Monday, Jul. 08, 1974

Paranoid Thriller

By RICHARD SCHICKEL

THE PARALLAX VIEW

Directed by ALAN J. PAKULA

Screenplay by DAVID GILER and LORENZO SEMPLE JR.

The paranoid thriller is an expanding genre in movies and popular fiction.* The idea is to start from a thinly fictionalized version of a political tragedy like one of the Kennedy assassinations and build on it a thickly embroidered explanation that caters to the suspicion that such murders are plotted by a malevolent Establishment. It is apparently comforting for many people to believe that the course of the world is changed more by rational planning, however evil, than it is by irrational individual actions.

Nor is it very intelligent either, considering the amount of inept planning in contemporary society. We would probably be better off rethinking--or better yet, not thinking about--the whole dismal business, if only to put an end to ugly and dramatically unsatisfying products like The Parallax View.

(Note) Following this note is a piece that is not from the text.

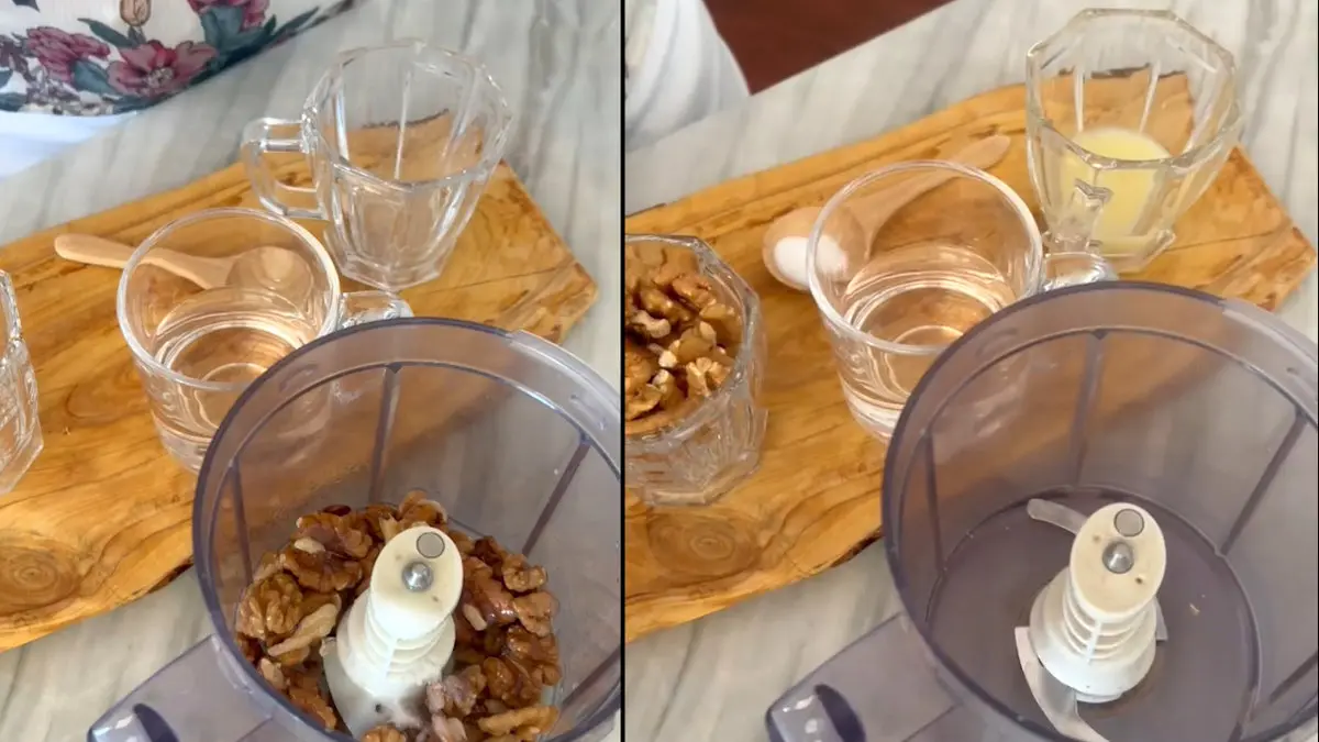 مغز گردوی خام را به همراه نمک و آبلیمو در دستگاه میکسر بریزید. کم کم آب را اضافه کنید و آنقدر میکس کنید تا گردو به خوبی له و صاف شود و ترکیب سفید رنگی به دست بیاید. باید نه خیلی رقیق و نه خیلی سفت باشد مثل غلظت کشک.

The primary victim here is a young Senator, cut whole from the Kennedy cloth, whose brief appearance before he is done in hardly makes him seem a threat to any imaginable aspect of the status quo. Still, witnesses to the crime start dying at a rate far exceeding actuarial probability, thus arousing the suspicions of a newsman of counterculturish leanings. Played with a certain cheeky energy by Warren Beatty. the reporter soon becomes a target himself, then goes underground the better to penetrate an industrial security organization that apparently supplied the hit men for this series of crimes.

As he proved in Klute, Pakula has a restless eye for the banalities of daily life that gives the picture a richer texture than is usual in this genre. Early on, the film offers some promise. There is a brisk barroom brawl and a short car chase that is more smartly handled than these maneuvers usually are. But there is no way to build an overparanoid thriller or to provide a satisfactory ending. If the hero can break the conspiracy unaided, it cannot be much of a conspiracy. If, on the other hand, the conspiracy is all powerful, then the audience is robbed of the basic pleasure of identifying with the protagonist's triumph over the odds. Pakula opts for the latter resolution in Parallax and it is a downer. Though a touch of paranoid fantasizing can energize an entertainment, too much of it is just plain crazy--neither truthful nor useful. And certainly nothing for responsible men to try to make a buck with in the movies. qed Richard Schickel

* Recent films include Executive Action and The Conversation and novels like Richard Condon's Winter Kills and Frederick Forsyth's The Dogs of War.